We were looking at our materials, we were thinking about the study, we were thinking maybe it’s because, you know, the participants we were inviting were older individuals… We thought that maybe people are worried that they are going to feel that we’re going to put pressure on them to, or look down on them for their smoking behaviour. And that’s not the point of the study at all. We’re just interested in defining smoking behaviour; we’re not interested in cessation, at the least in the context of this study, and we’re certainly not going to be judging anyone who comes in. So we thought kind of collectively that that was the issue, but to address it we decided that we were going to hold a focus group with a kind of a small selection of our participant pool. So we invited a number of these participants in to take part in a number of semi-structured one-to-one interviews. So before doing this we collated all of our invitation materials because this was really, this was what turned out to be the crux of the issue…

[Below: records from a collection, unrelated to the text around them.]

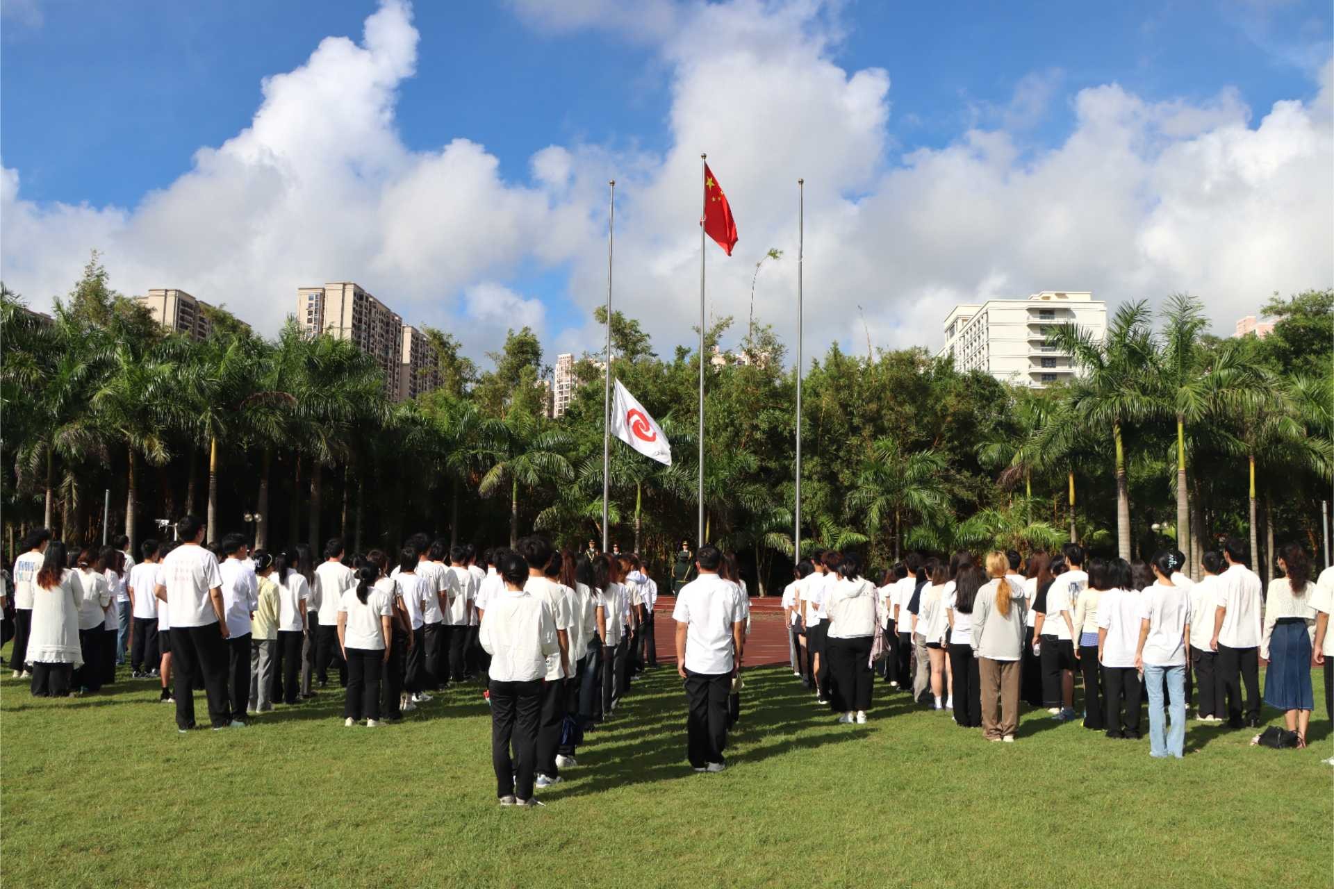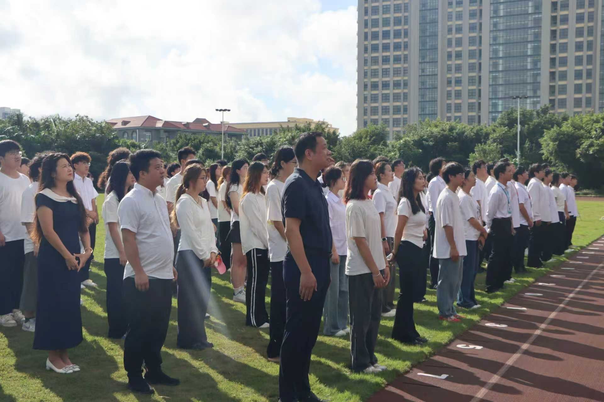 10月1日,为庆祝中华人民共和国成立 76 周年,大力弘扬爱国主义精神,我校在西区操场举行庄严的升旗仪式。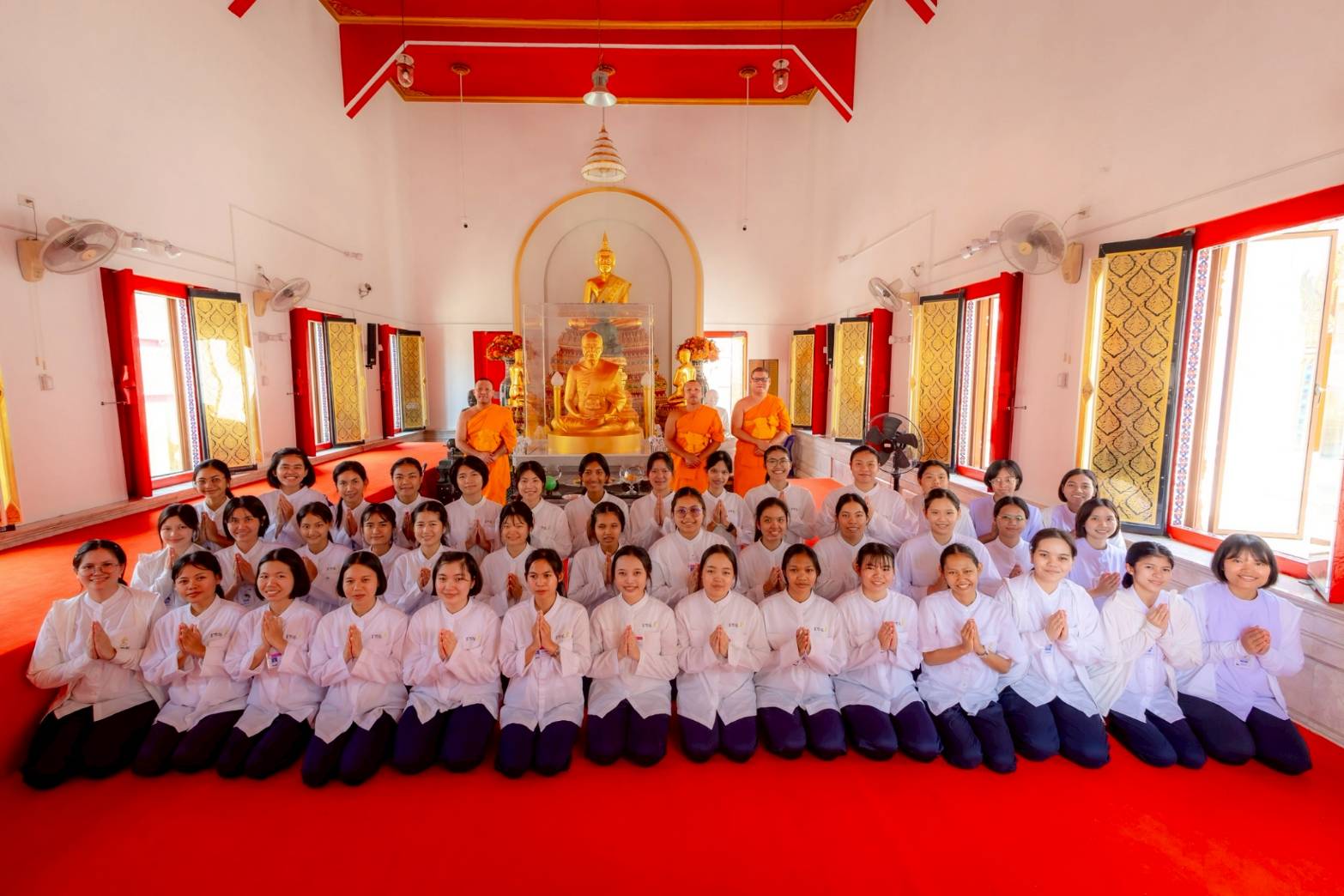 กิจกรรมเริ่มต้นด้วยการเดินทางจากวัดพระธรรมกาย ไปยังอนุสรณ์สถานมหาวิหารพระมงคลเทพมุนี (โลตัสแลนด์) อำเภอสองพี่น้อง จังหวัดสุพรรณบุรี ซึ่งเป็นสถานที่เกิดด้วยรูปกายเนื้อของพระมงคลเทพมุนี โดยธรรมทายาทหญิงทุกคนได้เข้าไปกราบสักการะรูปหล่อทองคำของหลวงปู่ ณ วิหารหลวงปู่ทองคำ พร้อมทั้งร่วมกันสวดสรรเสริญหลวงปู่ และฟังประวัติหลวงปู่จากคุณน้าองุ่น สุขเจริญ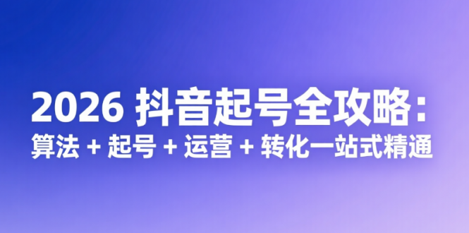 2026 抖音起号与运营实战课,从平台算法、账号基因、内容创作,到起号流程、付费投放、流量转化、直播起号全链路拆解,结合实战案例与千万级实操经验,教你安全起号、稳定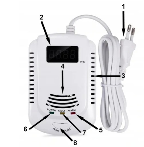 - Wykrywa: CO(czad) oraz gaz ziemny, propan, butan, LPG
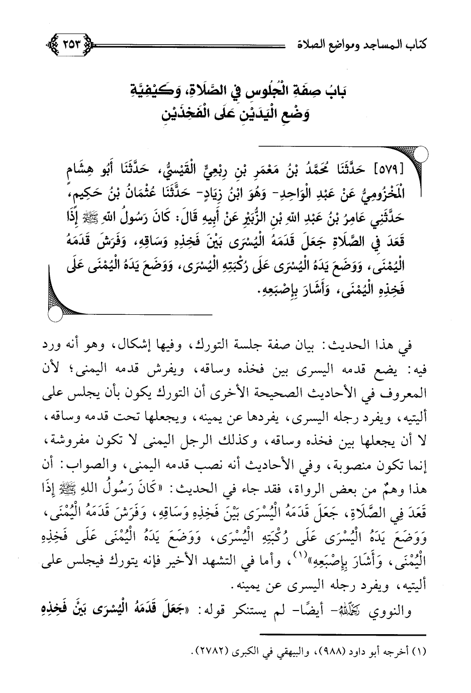 [٥٧٩] حَدَّثَنَا مُحَمَّدُ بْنُ مَعْمَرِ بْنِ رِبْعِيٍّ الْقَيْسِيُّ، حَدَّثَنَا أَبُو هِشَامٍ الْمَخْزُومِيُّ عَنْ عَبْدِ الْوَاحِدِ- وَهُوَ ابْنُ زِيَادٍ- حَدَّثَنَا عُثْمَانُ ابْنُ حَكِيمٍ، حَدَّثَنِي عَامِرُ بْنُ عَبْدِ اللَّهِ بْنِ الزُّبَيْرِ عَنْ أَبِيهِ قَالَ: كَانَ رَسُولُ اللَّهِ صلى الله عليه وسلم إِذَا قَعَدَ فِي الصَّلَاةِ جَعَلَ قَدَمَهُ الْيُسْرَى بَيْنَ فَخِذِهِ وَسَاقِهِ، وَفَرَشَ قَدَمَهُ الْيُمْنَى، وَوَضَعَ يَدَهُ الْيُسْرَى عَلَى رُكْبَتِهِ الْيُسْرَى، وَوَضَعَ يَدَهُ الْيُمْنَى عَلَى فَخِذِهِ الْيُمْنَى، وَأَشَارَ بِإِصْبَعِهِ.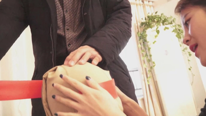 李强把门关了下怕被外边的张晴看见,赶忙过去给女友徐萌松绑。

We asked for their initial responses and then we went through each section of the invitation letter and the information sheet step by step. And the first off-putting side was the title of the study; it was called Smoking Behaviour Study. They thought that made it sound a little bit like a dirty habit so we immediately as a result just retitled it Smoking Study. They said there was far too much information in the invitation letter. Time involvement also sounded too intense….

Other things that were pointed out as being off-putting were the use of this mystery device which again was described in the information sheet but we’d touched on it briefly in the invitation letter and people weren’t looking at the information sheet, so they just immediately, you know, put it to one side and decided they weren’t going to take part on that basis. There was too much text, it wasn’t clear exactly where the study was being run. So anyway, then we were moved onto the newly designed invitation materials. I mean these were a lot clearer, they had pictures of all the equipment we were going to be using which people immediately liked. The invitation letter was minimal. I think we never had more than one or two sentences per paragraph and a maximum of five paragraphs with lots of white space…

So that was really helpful for us. I think coming in from an academic starting point where you’re used to scientific writing and you’re used to writing for journals and not necessarily used to writing for a lay audience, you tend to err on the side of complexity rather than keeping things simple and to the point. And I realised in hindsight there was a lot of unnecessary description and overly complex words…

It was a really helpful experience and I wish that I had run something like this at the beginning of the study because it would have saved me two years’ worth of work.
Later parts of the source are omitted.